SOURCE DATA:

--- START ---

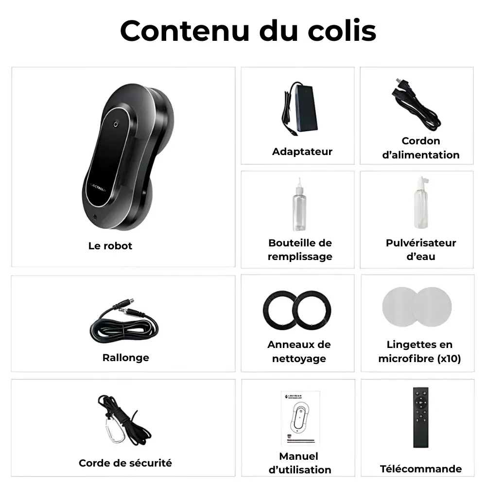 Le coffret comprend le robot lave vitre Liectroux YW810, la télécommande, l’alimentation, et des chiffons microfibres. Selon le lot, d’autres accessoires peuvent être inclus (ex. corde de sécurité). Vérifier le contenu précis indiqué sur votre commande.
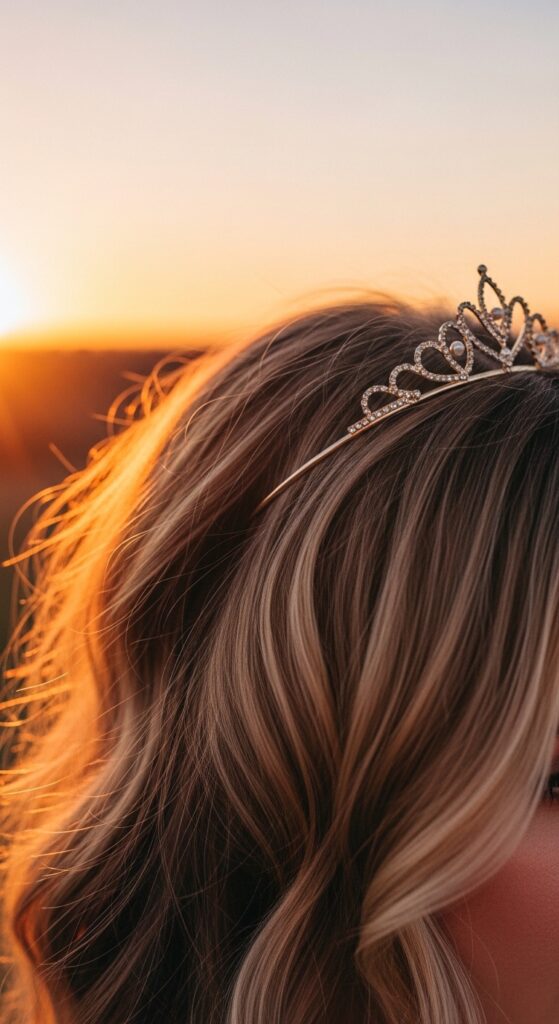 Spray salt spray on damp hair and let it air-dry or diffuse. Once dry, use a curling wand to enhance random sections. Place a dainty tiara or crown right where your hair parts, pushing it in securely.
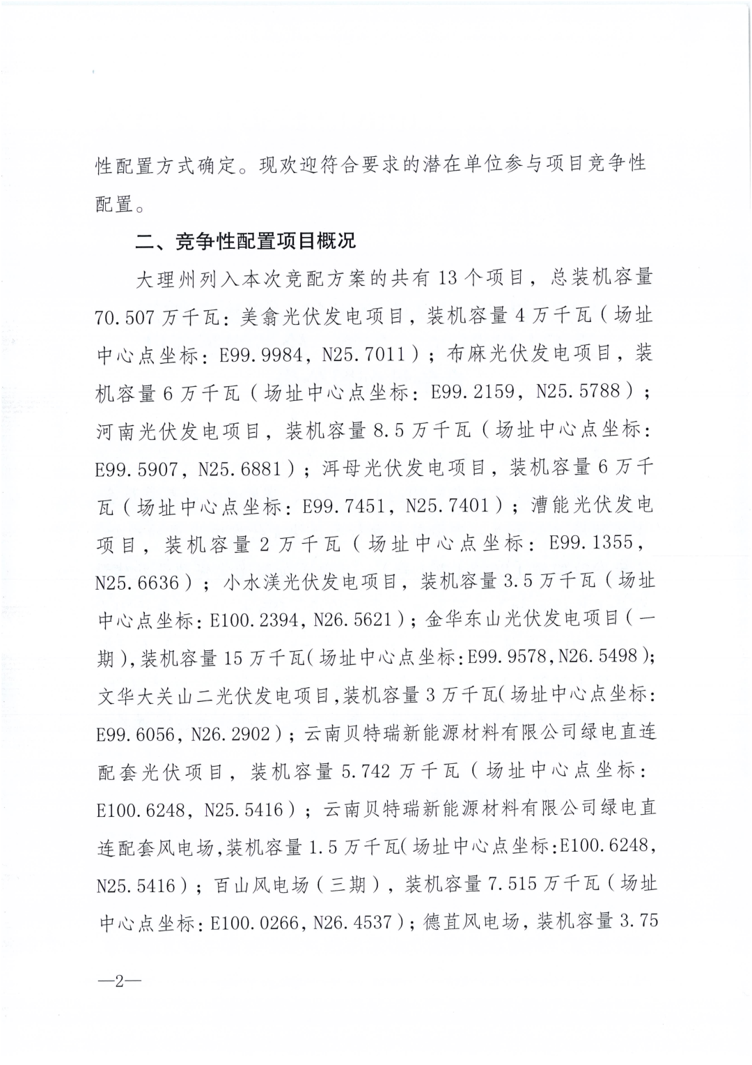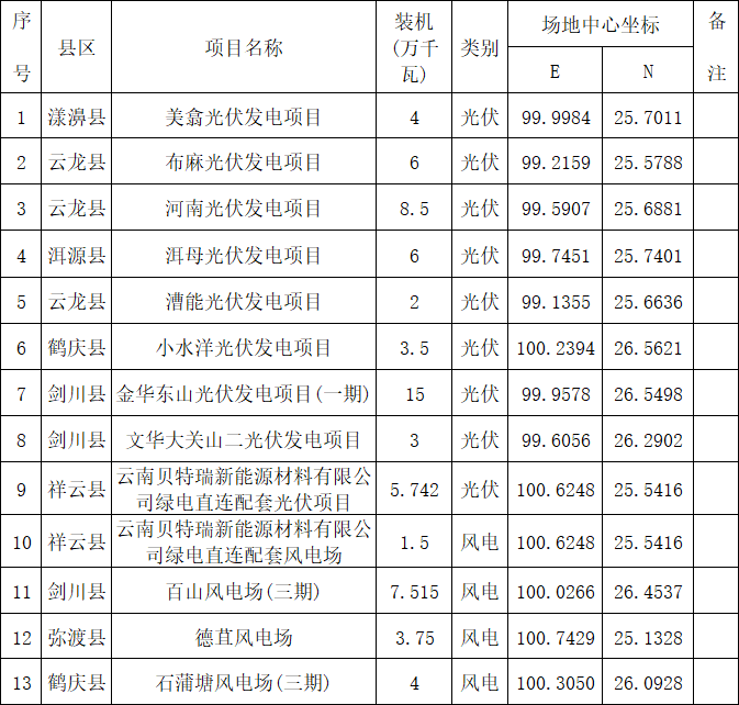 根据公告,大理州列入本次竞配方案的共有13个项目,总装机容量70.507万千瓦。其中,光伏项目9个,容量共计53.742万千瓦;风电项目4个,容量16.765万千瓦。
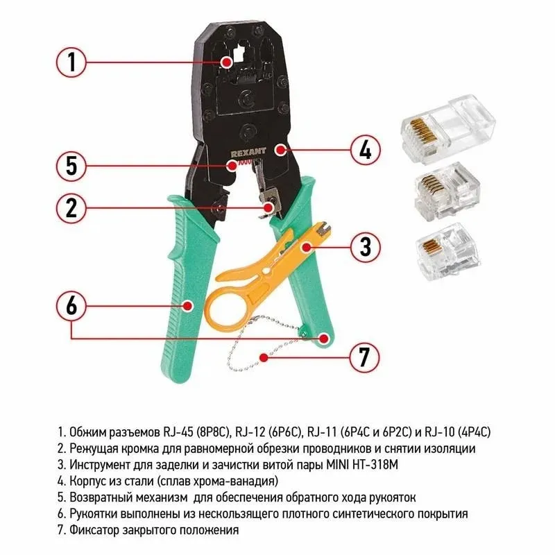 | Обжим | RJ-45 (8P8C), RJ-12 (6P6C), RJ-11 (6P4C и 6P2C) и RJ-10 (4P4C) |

--- END ---

WHAT THE EXERCISE ASKS: Transcribe only the lines from the line holding "根据公告,大理州列入本次竞配" to the final line of the listing above. Keep them exact, include both ends, and skip the pictures.

ANSWER TO THE PROBLEM:
 根据公告,大理州列入本次竞配方案的共有13个项目,总装机容量70.507万千瓦。其中,光伏项目9个,容量共计53.742万千瓦;风电项目4个,容量16.765万千瓦。
 | Обжим | RJ-45 (8P8C), RJ-12 (6P6C), RJ-11 (6P4C и 6P2C) и RJ-10 (4P4C) |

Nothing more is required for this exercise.